Dawn was beginning to tinge the clouds with its opaline rays, the stars went out one after the other in the gloomy depths of the sky, and on the extreme blue line of the horizon a bright red reflection, precursor of sunrise, showed that day would ere long appear. Thousands of invisible birds, hidden beneath the foliage, suddenly woke up, and melodiously began their morning concert, while the yells of the wild beasts quitting the watering places, and returning slowly to their unexplored lairs, became gradually more dull and indistinct.
At this moment the breeze rose, burst into the dense cloud of steam which at sunrise exhales from the earth in these intertropical regions, whirled it round for an instant, then rent it asunder, and scattered it in space; thus displaying, without any apparent transition, the most delicious landscape the dreaming mind of poet or painter could imagine.
It is, before all, in America that Providence appears to have taken a pleasure in lavishing the most striking landscape effects, and in infinitely varying the contrasts and harmonies of that puissant nature which can only be found there.
Through the centre of an immense plain, circled on all sides by the tall foliage of a virgin forest, there ran in capricious windings a sandy road, whose golden colour contrasted harmoniously with the deep green of the grass and the silvery whiteness of a narrow stream which the first beams of the sun caused to sparkle like a casket of jewels. Not far from the stream, and at about the middle of the plain, rose a white house with a verandah running round it, and a roof of red tiles. This house, prettily covered with creepers that almost hid its walls, was a Venta, or hostelry, built on the top of a small mount. It was reached by an imperceptible ascent, and, owing to its position, commanded the immense and grand landscape.

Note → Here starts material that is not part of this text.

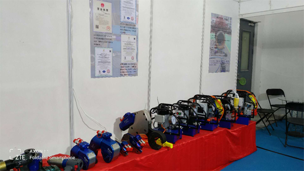BOLTING博霆工作人員向來訪人士講解液壓扭力工具使用
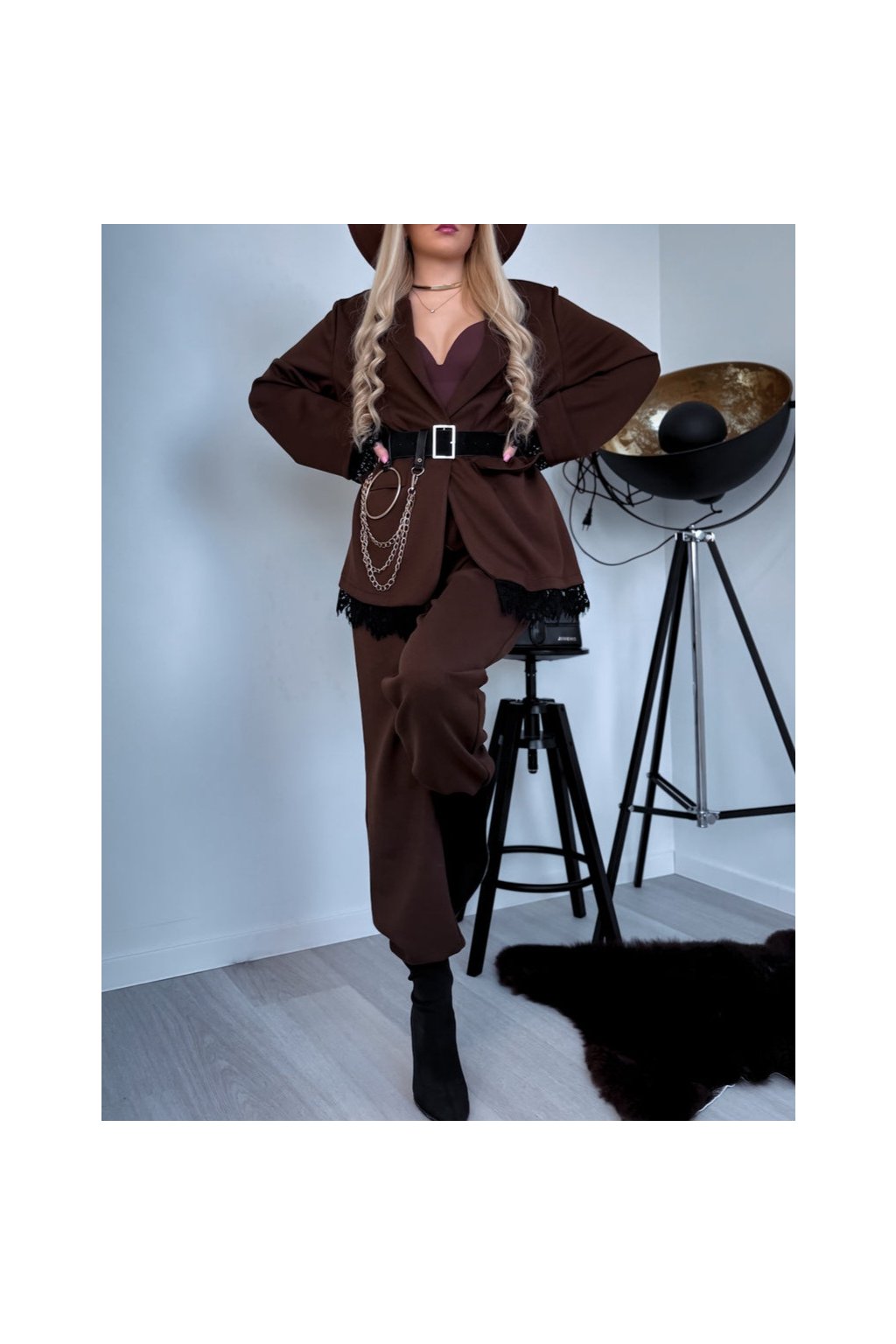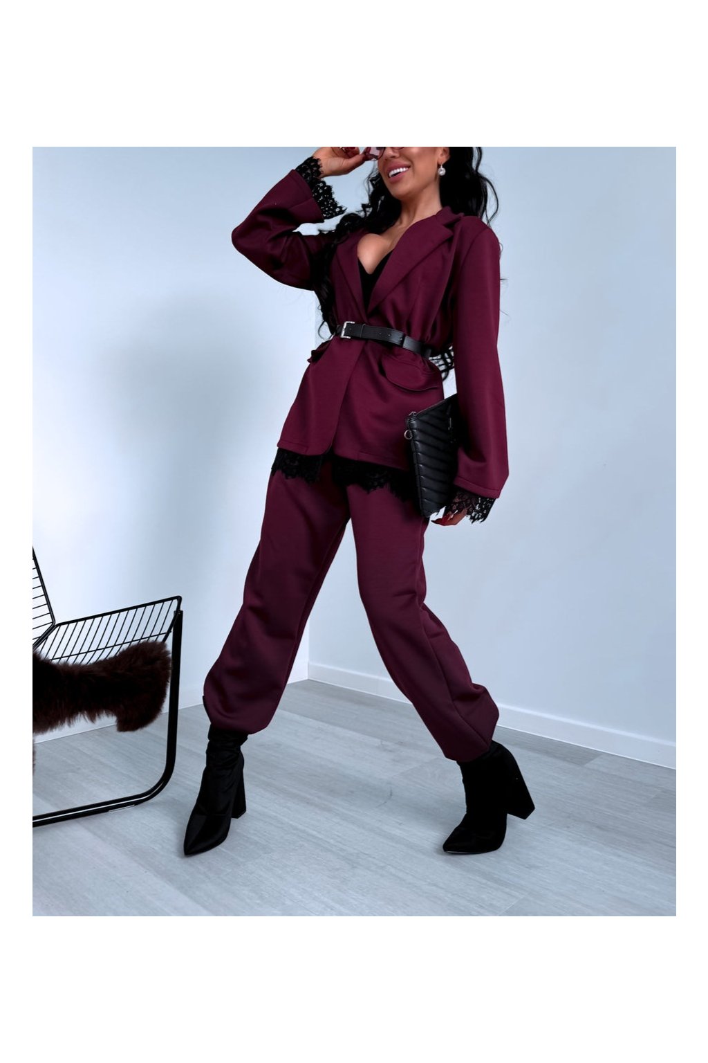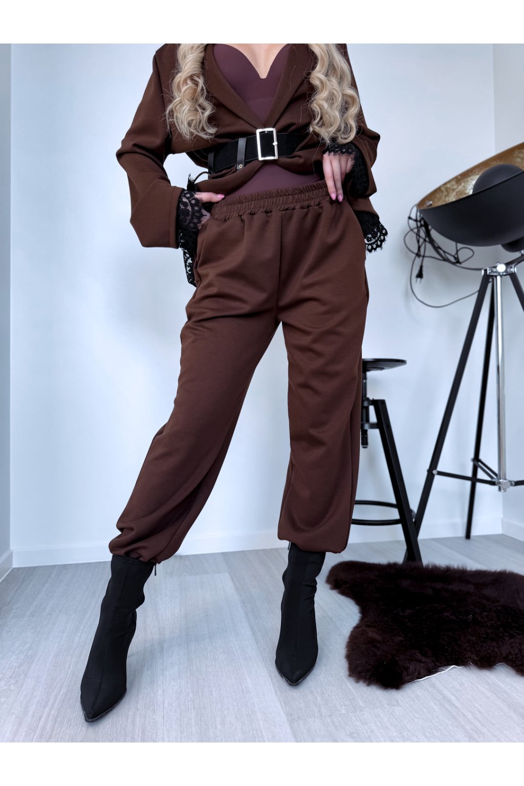 Set obsahuje: Sako s krajkovými lemy a ladící kalhoty.

Before the door of the venta several dragoons, picturesquely grouped, and about twenty in number, were saddling their horses while the arrieros were actively engaged in loading seven or eight mules.
Along the road and some paces from the venta, several horsemen, resembling black dots, could be seen just entering the forest to which we alluded, a forest which rose gradually, and was commanded by a girdle of lofty mountains, whose rugged and bare crests were almost confounded with the azure of the sky.
The door of the venta opened, and a young officer came out singing, accompanied by a stout and jolly-looking monk; after them, a charming maiden of eighteen or nineteen, fair-haired and fragile, with blue eyes and golden hair, appeared on the threshold.
"Come, come," the Captain said, for the young officer wore the marks of that grade, "we have lost too much time already, so to horse."
"Hum!" the monk growled, "we have had hardly time to breakfast; why the deuce are you in such a hurry, Captain?"
"Holy man," the officer went on with a laugh, "if you prefer remaining, you are at liberty to do so."